In this study, LVEF < 40% and AKI were both determined to be independent risk factors for nonrecovered PPCM. Similarly, Chapa et al. identified that LVEDD > 60 mm and LVEF < 20% were independent risk factors for nonrecovery of cardiac function in 32 patients with PPCM [
25]. Goland et al. also found that LVEF < 25% was predictive of severe cardiovascular events in patients with PPCM [
5]. In the PEACE register study [
15], the researchers consecutively recruited 244 PPCM patients from 14 sites in Nigeria and applied a structured follow-up for a median of 17 months. They found that a maternal age < 20 years [hazard ratio (HR): 2.40, 95% CI 1.27–4.54], hypotension (HR: 1.87, 95% CI 1.02–3.43), tachycardia (HR: 2.38, 95% CI 1.05–5.43), and LVEF < 25% at baseline (HR: 2.11, 95% CI 1.12–3.95) could predict mortality. These results are consistent with ours. However, their finding that the regular use of beta-blockers at the 6-month follow-up (HR: 0.20, 95% CI 0.09–0.41) was independently associated with a lower mortality risk was not found in our study. This may be related to the fact that beta-blockers were used according to the local guidelines for heart failure and PPCM only when needed. AKI at admission was also determined to be an independent risk factor for a poor prognosis. This is due to the fact that the kidney is susceptible to alterations in the perfusion pressure. For example, when hemodynamic disturbance occurs, the renal blood flow is compromised, followed by a decline in the glomerular filtration rate, renal perfusion, and the creatinine clearance rate.
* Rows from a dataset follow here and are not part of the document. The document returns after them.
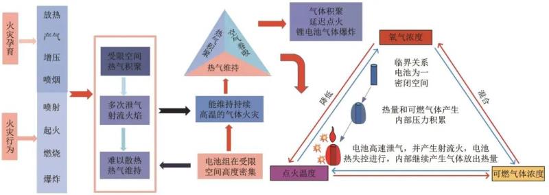 綜上可知,熱失控演化過程中,鋰離子電池副反應(yīng)既會產(chǎn)生熱量,又會產(chǎn)生氣體。電池溫度的升高是熱量積累的結(jié)果,電池內(nèi)壓增高是氣體在電池殼密閉空間積聚的結(jié)果。當(dāng)熱量和氣體積累到一定程度時,電池安全閥打開,噴出大量氣體,可燃?xì)怏w和空氣迅速混合。熱失控繼續(xù)進(jìn)行,化學(xué)反應(yīng)速率迅速加快使升溫速率和氣體產(chǎn)生速率驟升,滿足著火條件時,電池發(fā)生起火燃燒。當(dāng)然,也有可能是高速率泄氣過程中產(chǎn)生的電火花點(diǎn)燃可燃?xì)怏w引發(fā)的燃燒。對于儲能電站而言,局部燃燒產(chǎn)生之后,大量高溫可燃有毒混合煙氣會發(fā)生氣體流動運(yùn)移現(xiàn)象,當(dāng)可燃?xì)怏w在受限空間積聚到一定程度時,遇到點(diǎn)火源,發(fā)生氣體爆炸。
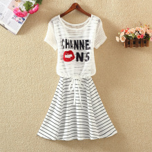2017夏季新款韩版学生罩衫+条纹修身显瘦背心裙子时尚两件套装潮
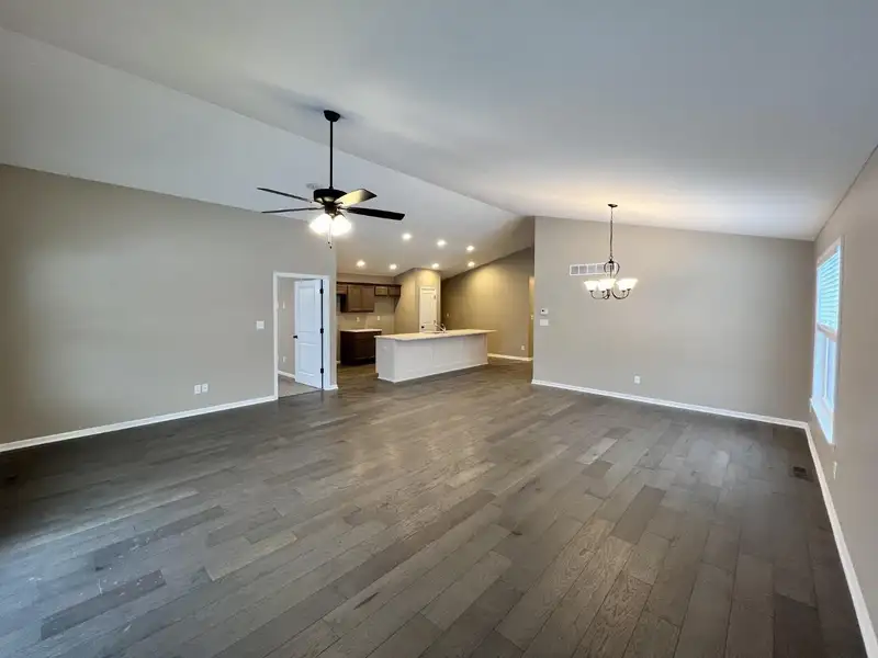 SLATED FOR COMPLETION DECEMBER 2025, this is our AZALEA model. Features include an open concept, spacious great room with vaulted ceiling and exterior access via sliding glass doors which allows for plenty of natural light and SERENE POND VIEWS, kitchen with soft close maple cabinetry, crown molding, ISLAND with seating, QUARTZ counters, pantry, and dining area. The main living area includes LVP flooring while EGGSHELL paint dresses the walls. The PRIMARY bedroom has a tray ceiling, ENSUITE bathroom with CUSTOM TILE SHOWER, and a large walk-in closet, ENTRY ROOM (from garage) features a place for LAUNDRY and storage, bathrooms include WHITE QUARTZ vanity tops. Additional features include a FULL BASEMENT (stubbed for future bath), attached garage with 5' EXTENSION and opener installed, concrete PATIO, full LANDSCAPING PACKAGE, front and rear COVERED PORCHES, included as well as builder WARRANTY. Many options for customization of our 18 floor plans are possible to include structural changes such as a 3 car garage, 5' garage extension, slab, or basement options, as well as for other finishes such as for a fireplace, custom tile shower, exterior masonry, etc. Photos are of a previously built home and will be updated upon completion.
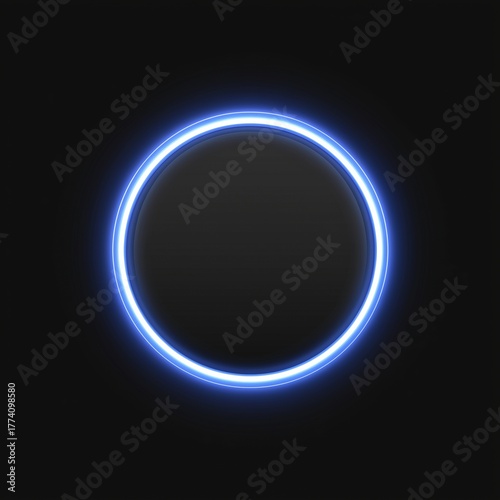 © Vivid_Vision, Obraz premium Blue neon glowing circle

Therefore, more attention should be paid to patients with PPCM when AKI occurs during their hospitalization.
Limitation
This investigation was a single-center study with a small sample size. The data were retrospectively collected from medical reports, and the echocardiographic findings were provided by different examiners. In addition, some of the participants had incomplete data because of the prolonged follow-up duration. However, with improvements in the diagnostic criteria of PPCM, the incidence of PPCM is expected to increase. In the future, a multicenter study will be needed to analyze the etiology and the risk factors for nonrecovery in these patients.